Rico came out of the Thunderhawk and looked to the ground of the planet. The smell was awfull and the planet didn't seem as healthy as it should have been. ''All clear over here'' he said. Putting his PowerClaymore on his back again.


----------



## chrisman 007 (Jan 3, 2008)

Veldt awoke to the sound of jets. Had the transmission got through? He didn't know. He headed towards the sound. It was on the roof of a warehouse. The thunderhawk had the unmistakable symbol of deathwatch. They were here. "Hey, over here!" he shouted up to them. whether they heard him, he didn't know. He looked around for means to get to the roof. A stair well. He headed towards and started to climb.

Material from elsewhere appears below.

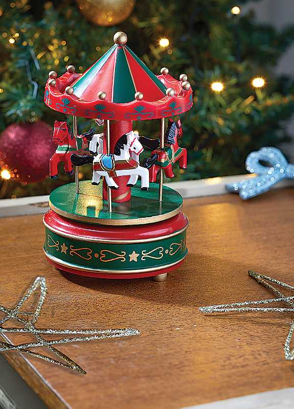 Bring some festive fun to your home with this charming carousel decoration. This musical carousel decoration will sit wherever you choose this festive season, generating a talking point wherever he is placed!Brand: Three KingsIndoor use onlyProduct care: Wipe clean only, avoid household cleaners/abrasivesMDFDimensions approx. 18H x 11W x 11D cmThe images of the products on our website are for illustrative purposes. We endeavour to display as accurately as possible the colours of our products on our website, however, as different computers and mobile devices display colour tones differently we cannot guarantee the complete accuracy of the pictures or photographs that are shown.

(OOC: Sorry if I god-modded in my last post.)


----------



## Silar (Mar 19, 2008)

Marius walked of the ramp , the bottom half of the cloak flowing in the Thunderhawk's jet stream, he pulled out his bolter, then he saw a imperial guardsmen waving from another roof. "Brothers if you'd excuse me" he said as he ran to the stair wall and swung round above the ground, holding onto the rail. In case of a traitor guard Marius began to recite one of the many sayings of his chapter, "Suffer not the heretics, for they are lost to the imperium." He sprint across the space between the buildings in case of enemy snipers.


----------



## darkreever (Apr 3, 2008)

[Yeah Silar, Veldt is currently climbing the stairs of the building the team is on; so jumping down to him makes little sense.]

Rico and Lucifer, as you both look over the side of the building you see nothing but empty streets; everything is dead silent other than the sound of the thunderhawks engines which can be heard for quite some distance.

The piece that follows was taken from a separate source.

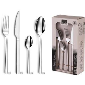 Amefa Caractere Set di 24 Posate in Acciaio Inossidabile con Finitura Lucida, Include Forchette, Coltelli, Cucchiai e Cucchiaini da Caffè

All, Despite the dead silence of this world, none of you hear Veldt calling up to you; whether it is because of the elevation or another reason is unknown to you.

Marius, as you look over another side of the building, you thought you saw something move into the building but you only got a fraction of a second to see it.

Corvix, as you train your gun towards the stairs, you hear the faint sounds of footfalls on stone, someone is coming to the roof.

Sijansur, you push out with your mind but can feel nothing hostile in the immediate area. However you do feel something odd coming your way, something that feels of life and death at the same time.

Corvix and Marius turn to Sijansur and at the same time warn that something is coming up. Sijansur motions for the rest of the team to cover the stairs as whatever is coming nears the top.

Veldt, as you close the distance from where you are to the roof; you can't help but wonder who got your message and why it had taken so long; or exactly how long it had been. Time seemed to drag on forever here, the days lasting far longer or shorter than they should. As you reach the top, you cautiosly exit the stairwell and look around. Just as you do though, the thunderhawk takes off, and you rush out to it yelling for the pilots to stop and come back, but your words are drowned out by the roar of the engines. As the transport leaves, your head sinks down a little and you turn around, whoever had come had left abruptly for whatever reason; that is until a voice called out from your side and almost made you jump.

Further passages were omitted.